The pace of feminine eye-rolling increases in our house as the Chargers’ season approaches, and it’s nearing the point that I’m beginning to fear for my wife’s ocular survival. The Chargers open tomorrow against the Bears.
After the debacle against the Patriots last year at Qualcomm Stadium I blogged that Marty Schottenheimer should be fired because he had failed to provide the leadership that was needed and deserved by a highly talented group of football players. Specifically, while he was a genius at football strategy and in developing individual talent, he had no skill at melding those individuals into a cohesive whole. All of his teams displayed that same lack and, as groups of talented individuals rather than tightly knit teams, regularly failed in the big games.
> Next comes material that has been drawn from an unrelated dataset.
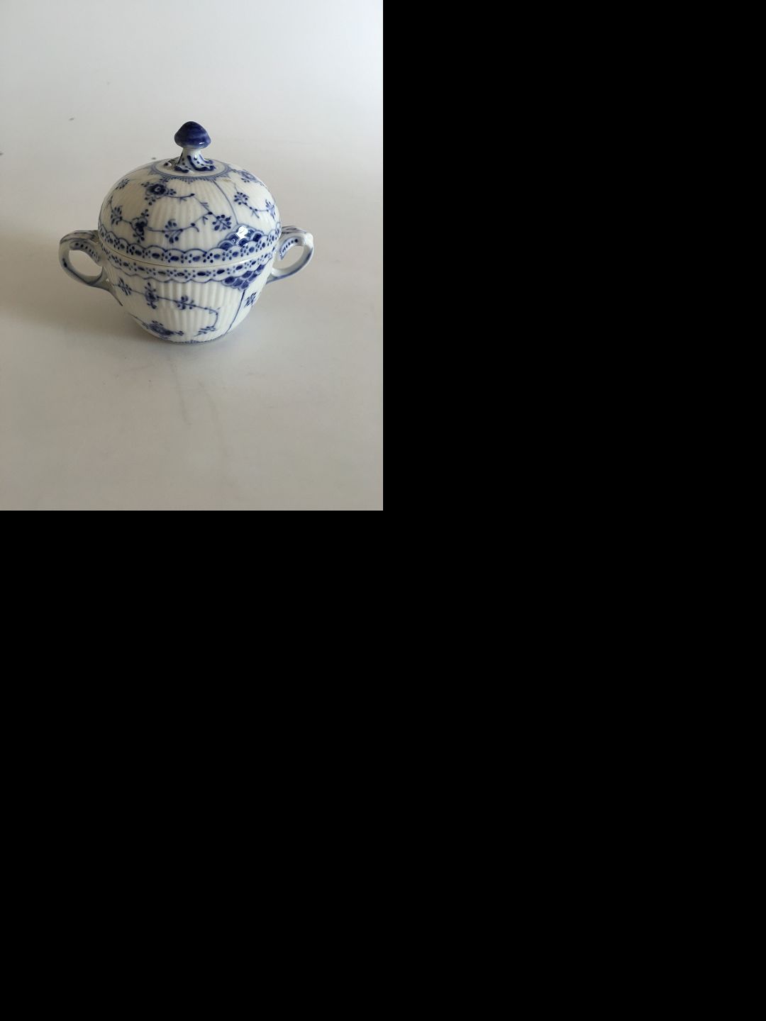 Royal Copenhagen Blue Fluted Half Lace Sugar Bowl No. 605. Measures 7 cm / 2 3/4 in. x 10 cm / 3 15/16 in. without lid.

Schottenheimer has been replaced by Norv Turner, who has a mixed record as a head coach, but I have been pleased and excited by the choice for a number of reasons. Most of those reasons revolve around the mechanics of football and I won’t go into them here, but one reason was simply that A.J. Smith picked him and that man has made very few mistakes. It was Smith that assembled the incredible array of on-field talent that fills the Chargers roster. What I’ve been waiting to see is indications that Turner can be the leader that these outstanding young men need to bring them together into a single team in the Lombardi model.
There was a small item in today’s San Diego Union-Tribune that suggest that he might. Not much was made of it, just a little tidbit tacked onto the end of a larger article. It may, however, be the best thing yet that I have read about Norv Turner. It’s in two parts.
For the first time in several years, the Chargers will stay in a local hotel the night before home games.
This is a step in the direction of teamwork. It focuses the players on the task at hand and brings them to game day free of distractions of family and household issues. It also brings them together as a team. I don’t know how many teams do this, but I think it is a terrific idea.
Asked if he heard any resistance from veteran players, Turner quipped,
“I didn't ask.”
And that is precisely the kind of leadership these fine young men need.
Were he to talk about football, that first sentence is something EAH would say. Genes will tell. Or is it environment?